What needs to be done:
Please copy only the material from the line that has "- Lấy 5 quả" to the very last line, both ends included, exactly as written and without pictures.

Recorded data:
%%

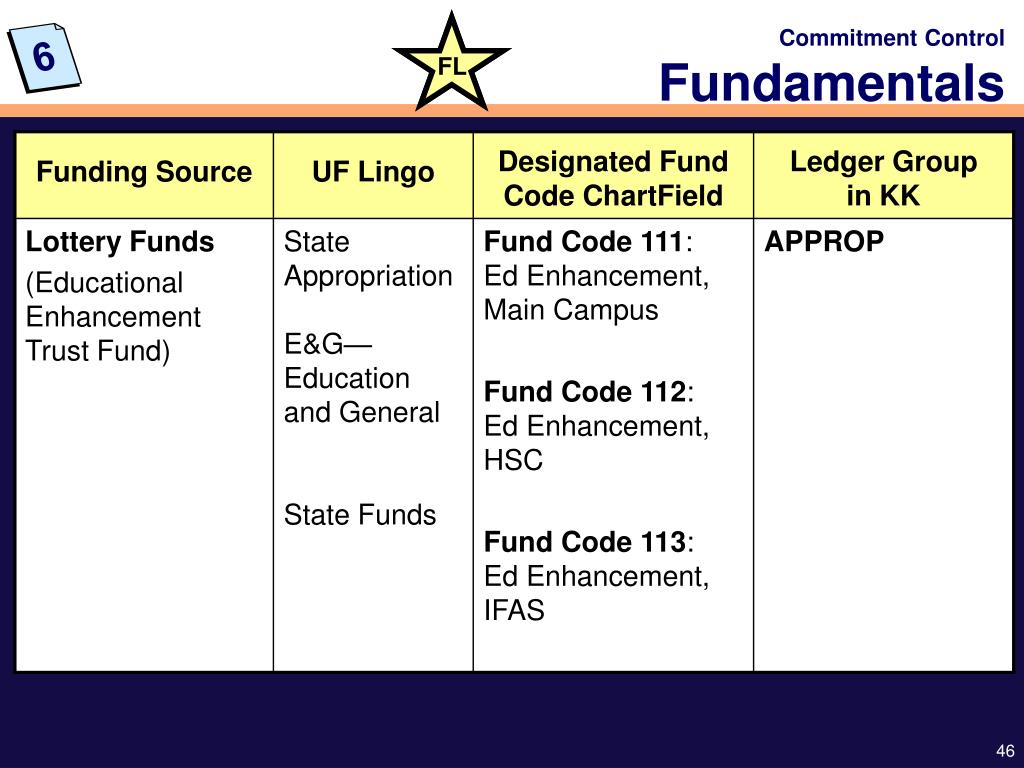 myUFL ChartFields • Fund Code Examples • 101 E&G Gen Rev, Main Campus • 102 E&G Gen Rev, HSC • 103 E&G Gen Rev, IFAS • 171 Transfer from Component Units • 201 C&G Federal Restricted • 209 C&G Other Restricted
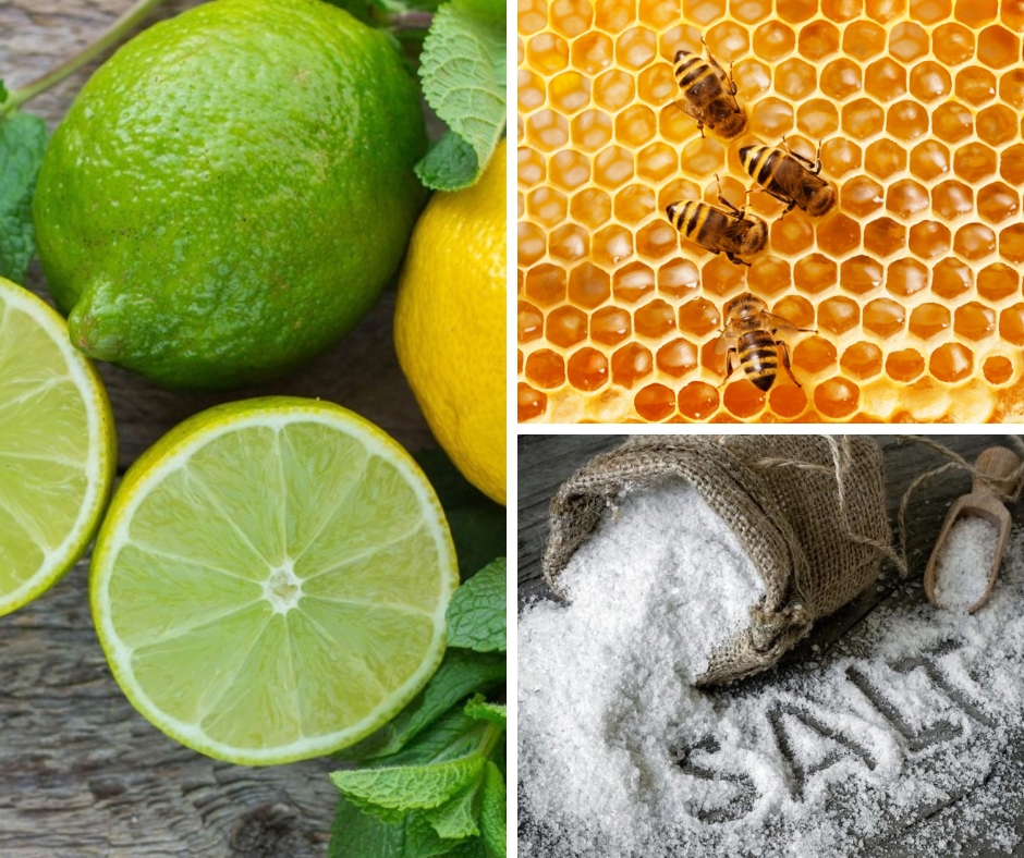 - Lấy 5 quả chanh vắt lấy nước, trộn đều với 3 thìa mật ong và 2 thìa muối trắng.
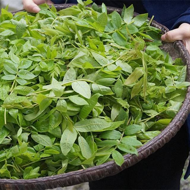 采摘特点:青钱柳采摘时间也比较重要,一般情况下6-8月采摘的口感较好,味甜微涩, 9月中下旬青钱柳部分叶子开始泛黄,即将落叶,此时即使采摘青叶,味也比较涩口,相对疗效要差一些。3月底至4月初采摘野生青钱柳新萌发的嫩芽,由于这样的鲜叶经过冬天的潜伏,香气物质和滋味有机物质含量丰富,营养成分保留最完整。
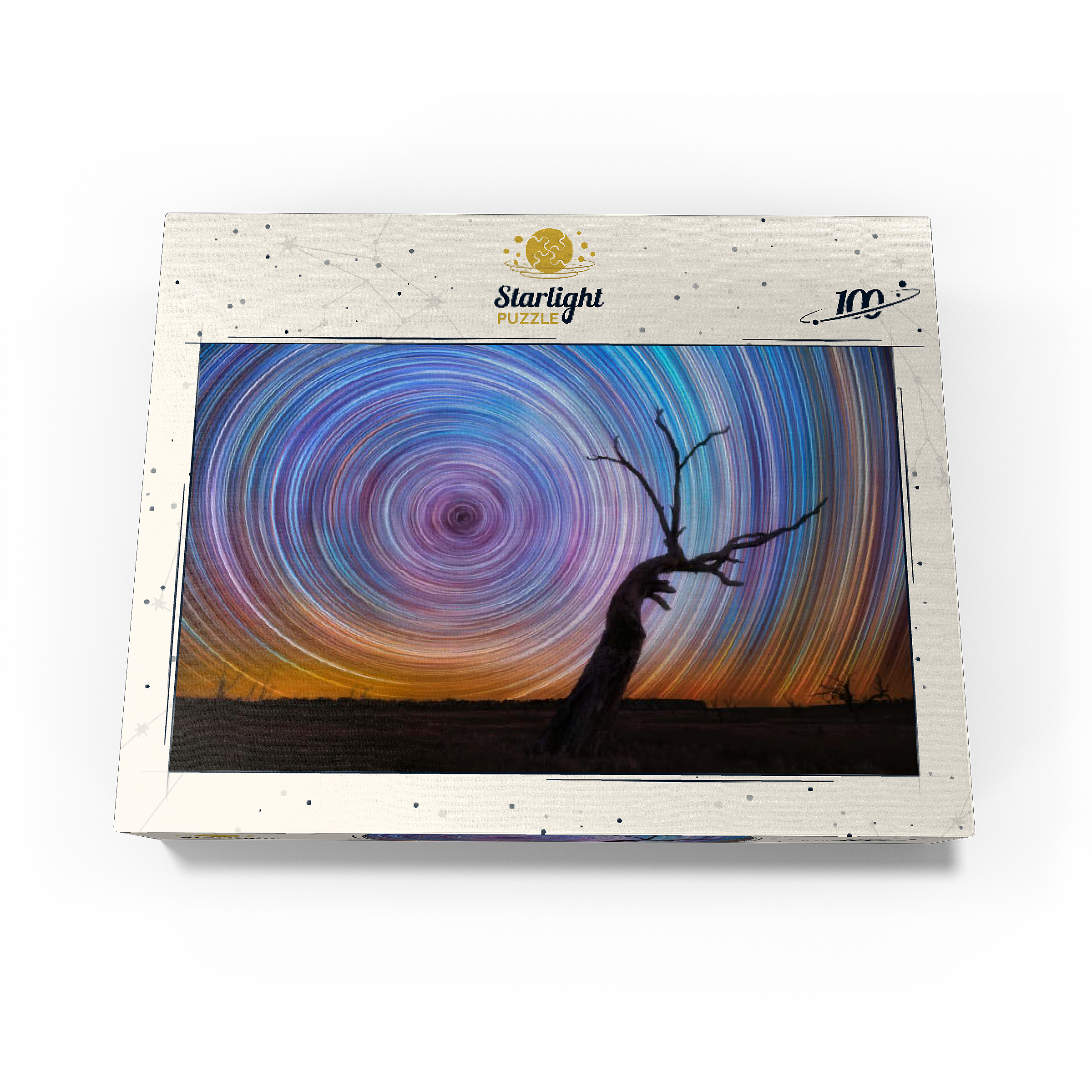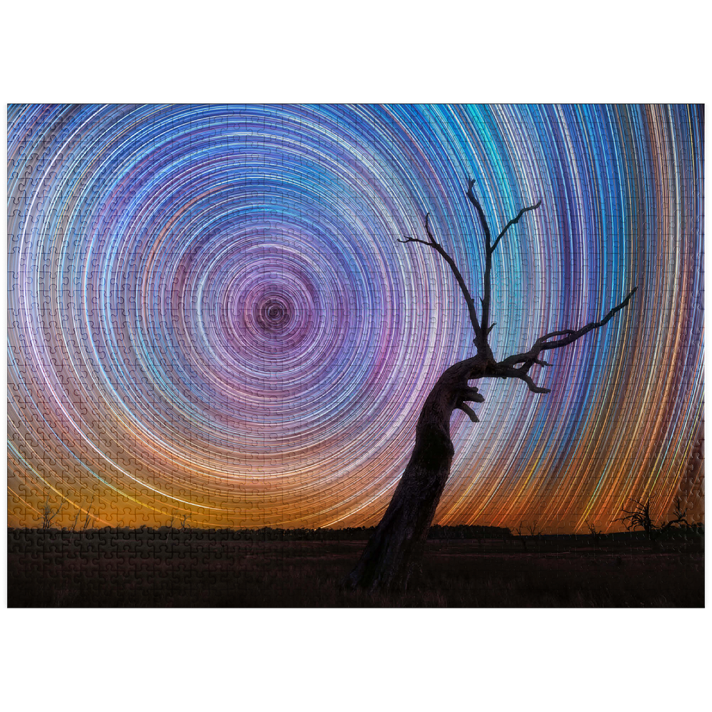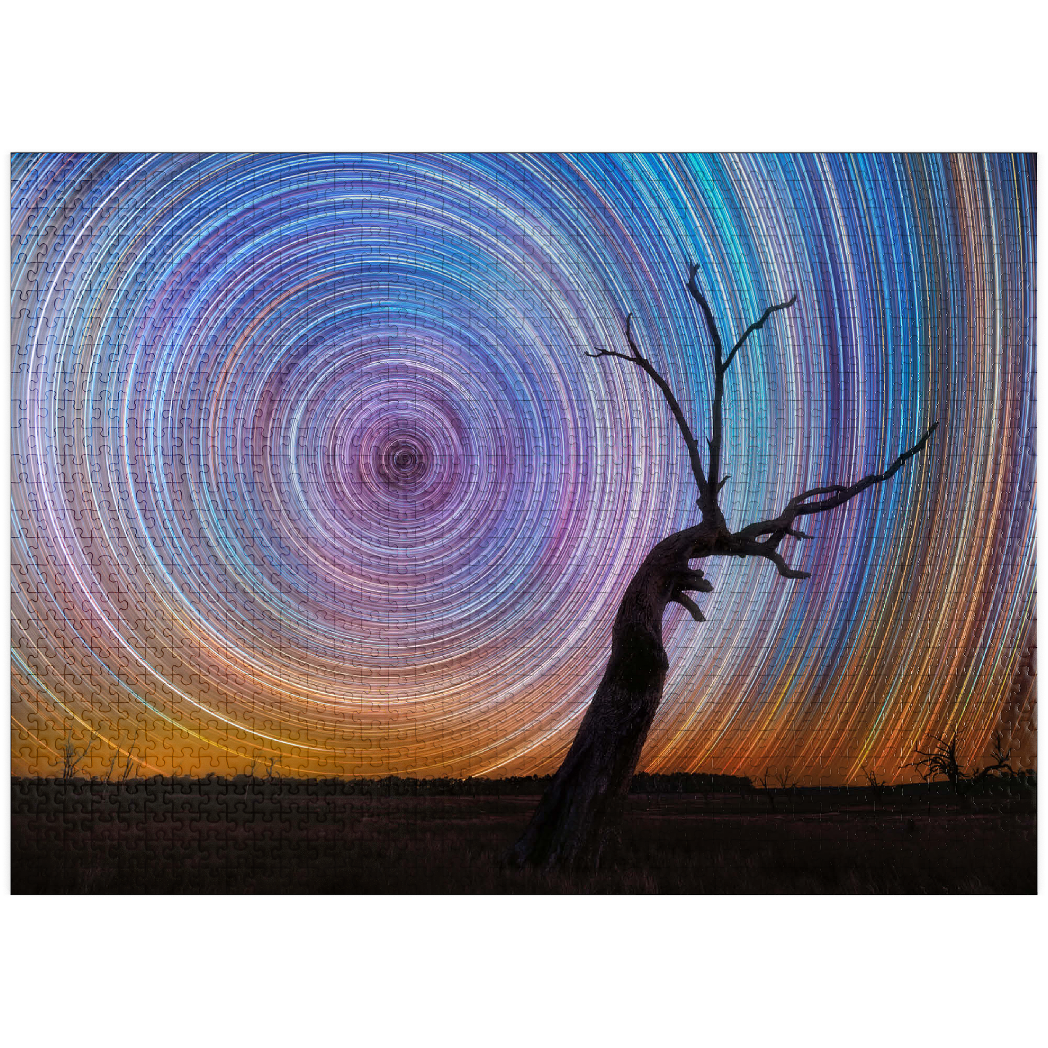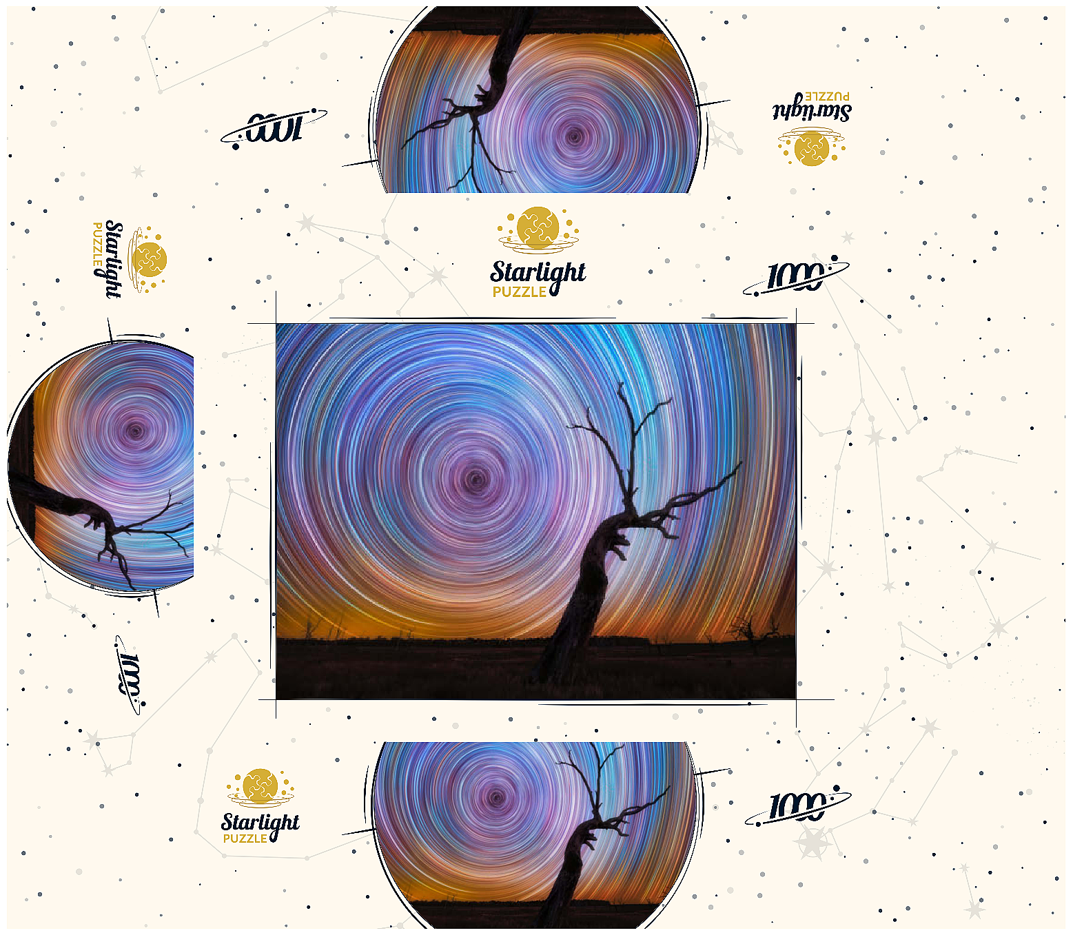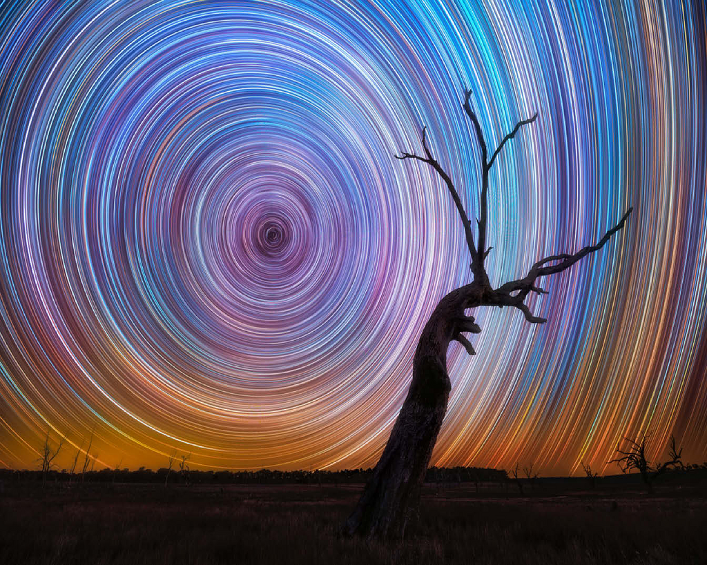 This mesmerizing nightscape features a dramatic swirl of colorful star trails rotating above a lone, twisted tree in the Australian outback. Captured with long-exposure photography, the sky transforms into a vortex of vivid purples, blues, oranges, and yellows, radiating outward in perfect circular motion. The silhouette of the gnarled tree in the foreground adds a raw, organic element, creating a powerful contrast against the cosmic patterns above. Set against a deep horizon and a dark, quiet field, this celestial masterpiece highlights the beauty of astrophotography in remote, unspoiled landscapes. A captivating addition for astronomy lovers, stargazing enthusiasts, or fans of nature's grandeur.

%%

Result:
 - Lấy 5 quả chanh vắt lấy nước, trộn đều với 3 thìa mật ong và 2 thìa muối trắng.
 采摘特点:青钱柳采摘时间也比较重要,一般情况下6-8月采摘的口感较好,味甜微涩, 9月中下旬青钱柳部分叶子开始泛黄,即将落叶,此时即使采摘青叶,味也比较涩口,相对疗效要差一些。3月底至4月初采摘野生青钱柳新萌发的嫩芽,由于这样的鲜叶经过冬天的潜伏,香气物质和滋味有机物质含量丰富,营养成分保留最完整。
 This mesmerizing nightscape features a dramatic swirl of colorful star trails rotating above a lone, twisted tree in the Australian outback. Captured with long-exposure photography, the sky transforms into a vortex of vivid purples, blues, oranges, and yellows, radiating outward in perfect circular motion. The silhouette of the gnarled tree in the foreground adds a raw, organic element, creating a powerful contrast against the cosmic patterns above. Set against a deep horizon and a dark, quiet field, this celestial masterpiece highlights the beauty of astrophotography in remote, unspoiled landscapes. A captivating addition for astronomy lovers, stargazing enthusiasts, or fans of nature's grandeur.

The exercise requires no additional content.